## [Exercise data]
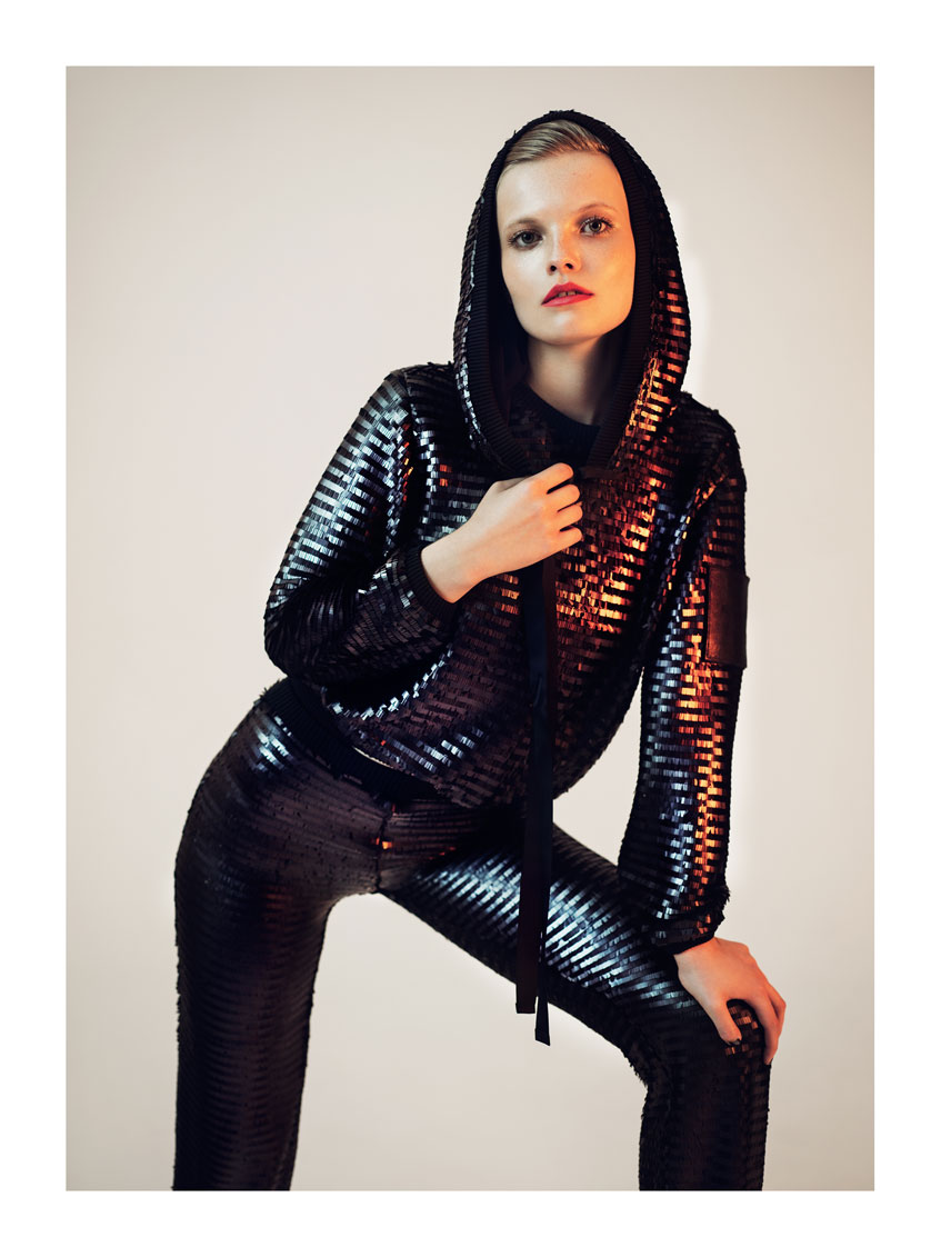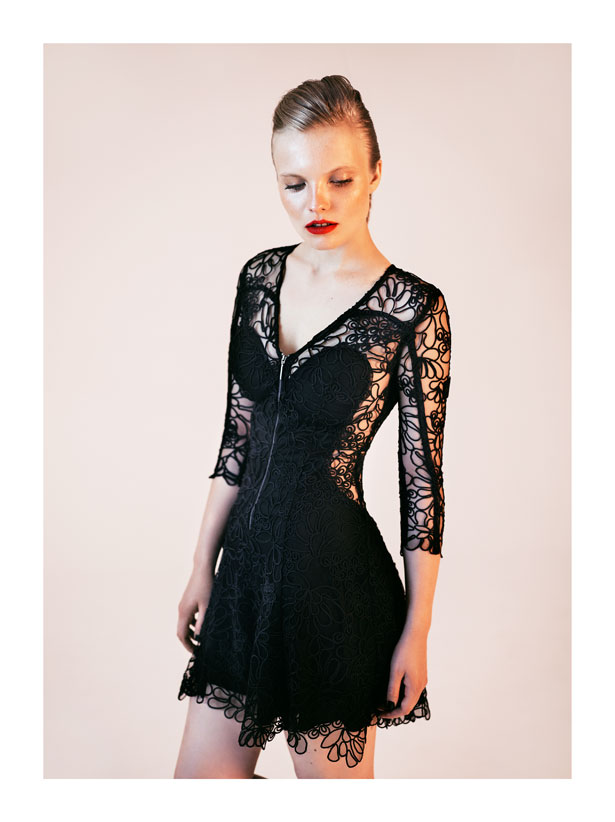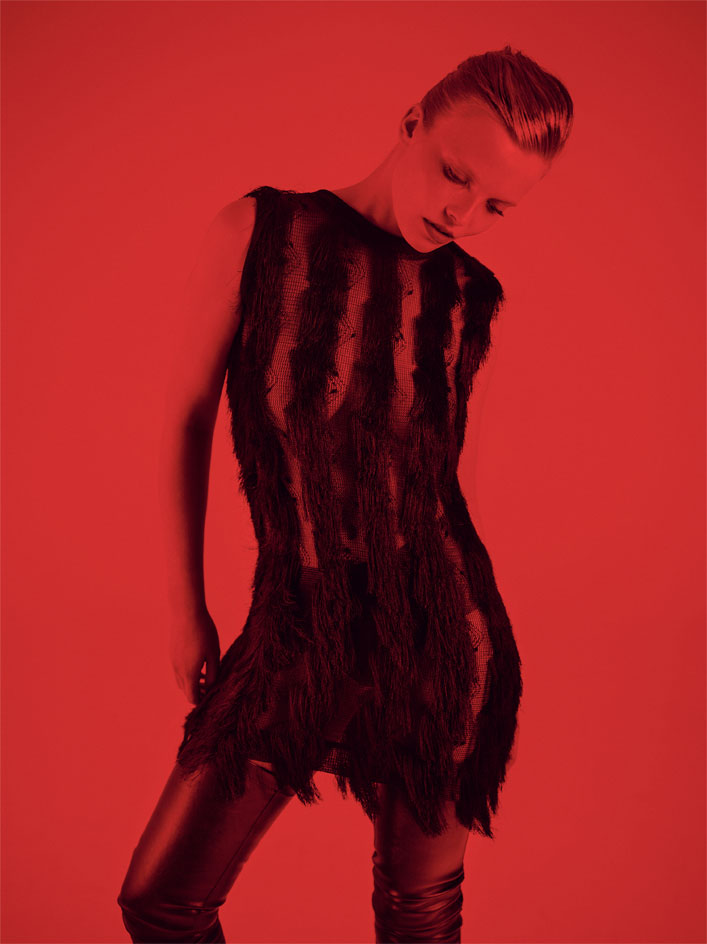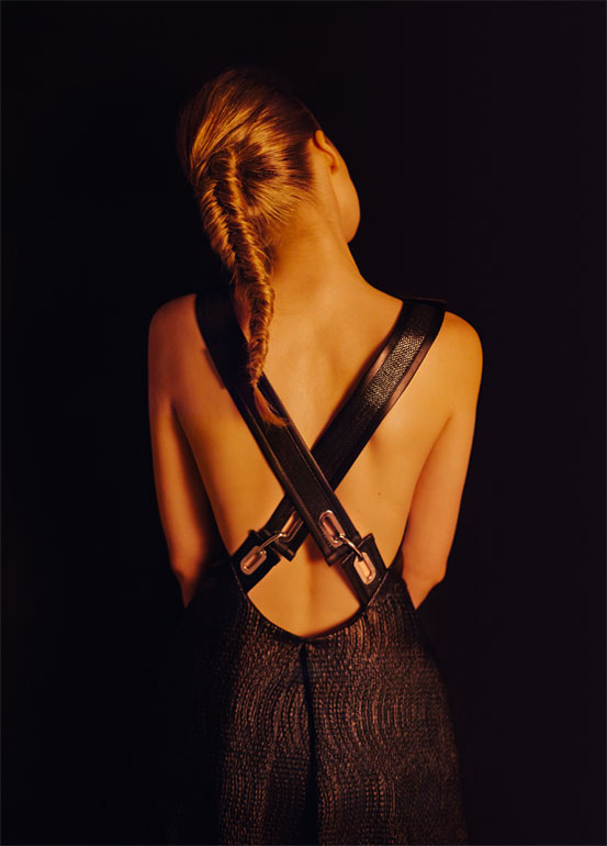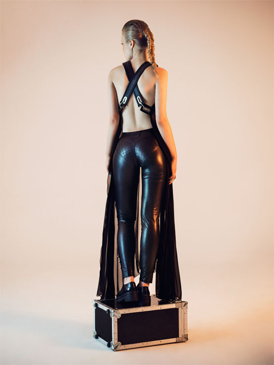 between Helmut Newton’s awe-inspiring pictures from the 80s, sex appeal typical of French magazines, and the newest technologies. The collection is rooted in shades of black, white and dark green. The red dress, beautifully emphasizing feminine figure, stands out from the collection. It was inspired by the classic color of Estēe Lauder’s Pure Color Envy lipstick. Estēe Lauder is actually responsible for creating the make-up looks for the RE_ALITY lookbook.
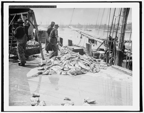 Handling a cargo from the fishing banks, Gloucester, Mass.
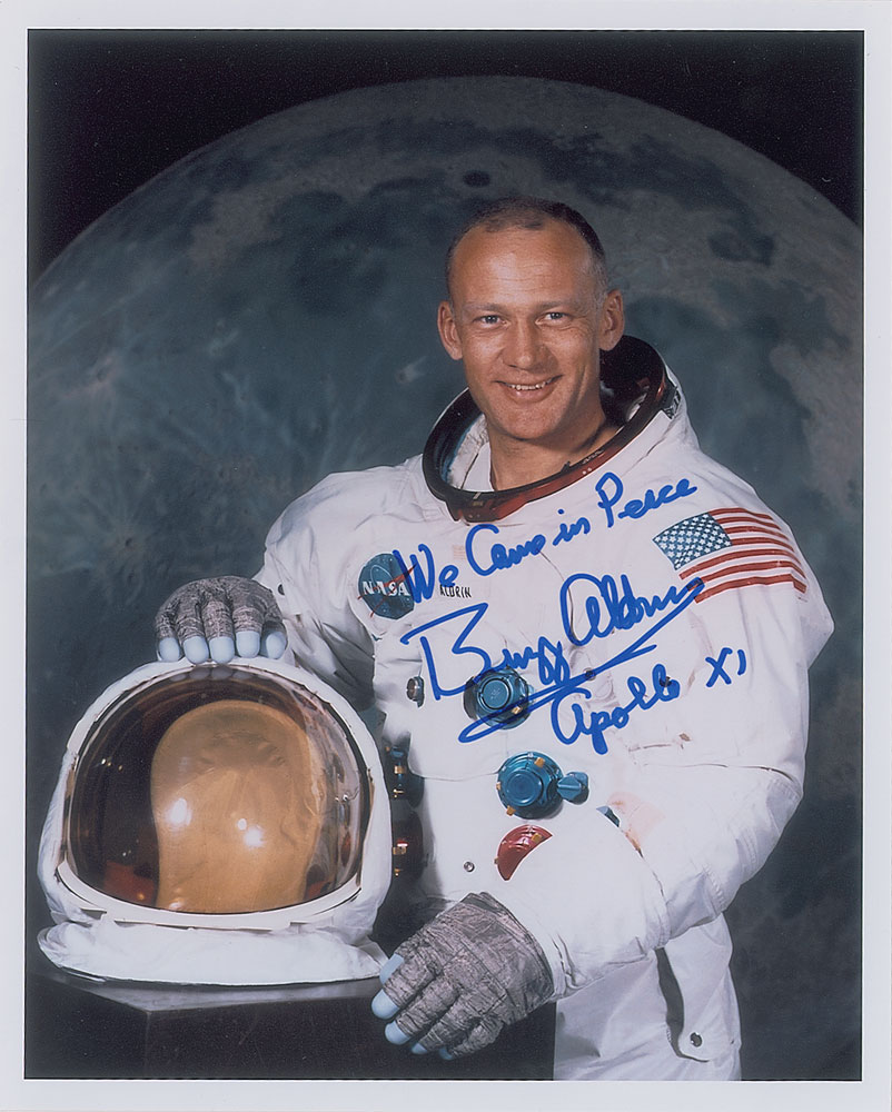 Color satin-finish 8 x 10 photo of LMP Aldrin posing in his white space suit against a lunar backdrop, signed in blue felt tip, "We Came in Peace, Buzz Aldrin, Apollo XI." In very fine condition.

## [Your assignment]
Omit the pictures and give the material again, exactly and in full.

## [Response area]
 between Helmut Newton’s awe-inspiring pictures from the 80s, sex appeal typical of French magazines, and the newest technologies. The collection is rooted in shades of black, white and dark green. The red dress, beautifully emphasizing feminine figure, stands out from the collection. It was inspired by the classic color of Estēe Lauder’s Pure Color Envy lipstick. Estēe Lauder is actually responsible for creating the make-up looks for the RE_ALITY lookbook.
 Handling a cargo from the fishing banks, Gloucester, Mass.
 Color satin-finish 8 x 10 photo of LMP Aldrin posing in his white space suit against a lunar backdrop, signed in blue felt tip, "We Came in Peace, Buzz Aldrin, Apollo XI." In very fine condition.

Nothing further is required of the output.